# Achmed The Terrorist



## tshadowchaser (Oct 21, 2007)

if you have  not seen this yet it gets better the longer you watch
www.break.com/index/achmed-the-terrorist.html


----------



## Sukerkin (Oct 21, 2007)

ROFL - that was actually genuinely funny, something that I thought was no longer possible with puppets .  Also, equal opportunity racial and religious abuse is something that is all too rare now as people are too scared of being hauled over the coals.  Splendid.


----------



## Rich Parsons (Oct 21, 2007)

I enjoyed the clip. 

Even the car jokes


----------



## Bob Hubbard (Oct 21, 2007)

To really get the cr jokes, ya gotta see the entire uncensored show.  It's a riot!

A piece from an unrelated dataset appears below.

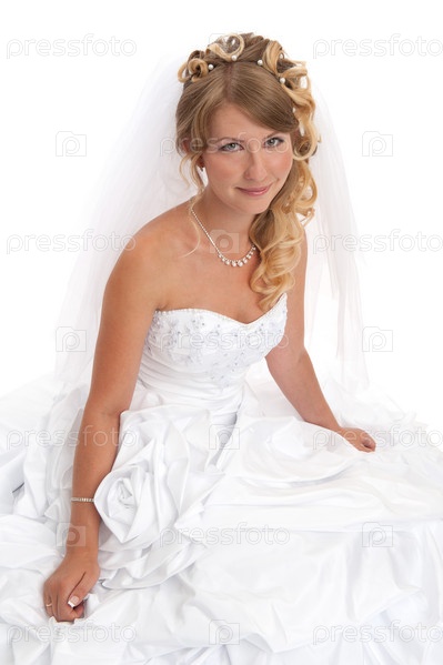 Девушка в свадебном платье на белом фоне
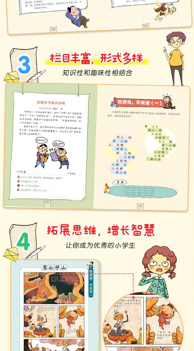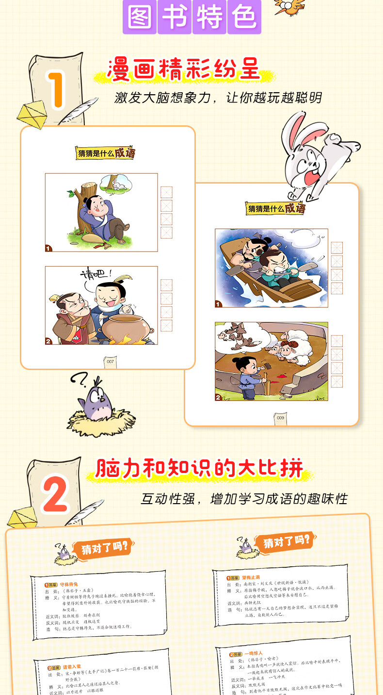 本书让小学生先看漫画猜成语,再给出正确答案,并在答案中附上释义、出处、造句、近义词、反义词等相关拓展内容,详细的介绍了300多个成语的日常使用法。同时,书中还有超有趣的成语漫画故事,小学生可以边欣赏漫画,边学习成语,边阅读故事,让小学生在游戏中感受中华传统文化的博大精深,增加成语词汇量,提高联想能力、阅读能力和写作能力。

I've got both of his dvd's.


----------



## Kacey (Oct 21, 2007)

:roflmao:


----------



## Big Don (Nov 9, 2007)

Silence! I KILL YOU!

The winner had to fight Michael Jackson...

A-C-phlegm...


----------



## KempoGuy06 (Nov 9, 2007)

he is hilarious. Liek Bob said you have to see the whole thing to get the car jokes. 

B


----------



## bydand (Nov 9, 2007)

I think Jeff Dunham is great!  Haven't seen Achmed until this clip though.  I have to see the rest of it.


----------



## Carol (Nov 9, 2007)

:lfao: :lfao: :lfao:


----------



## dubljay (Nov 9, 2007)

Wow... thats just too funny.  Not a good video to watch in the library at school.  I think I ruptured a kidney trying to contain my laughter.


----------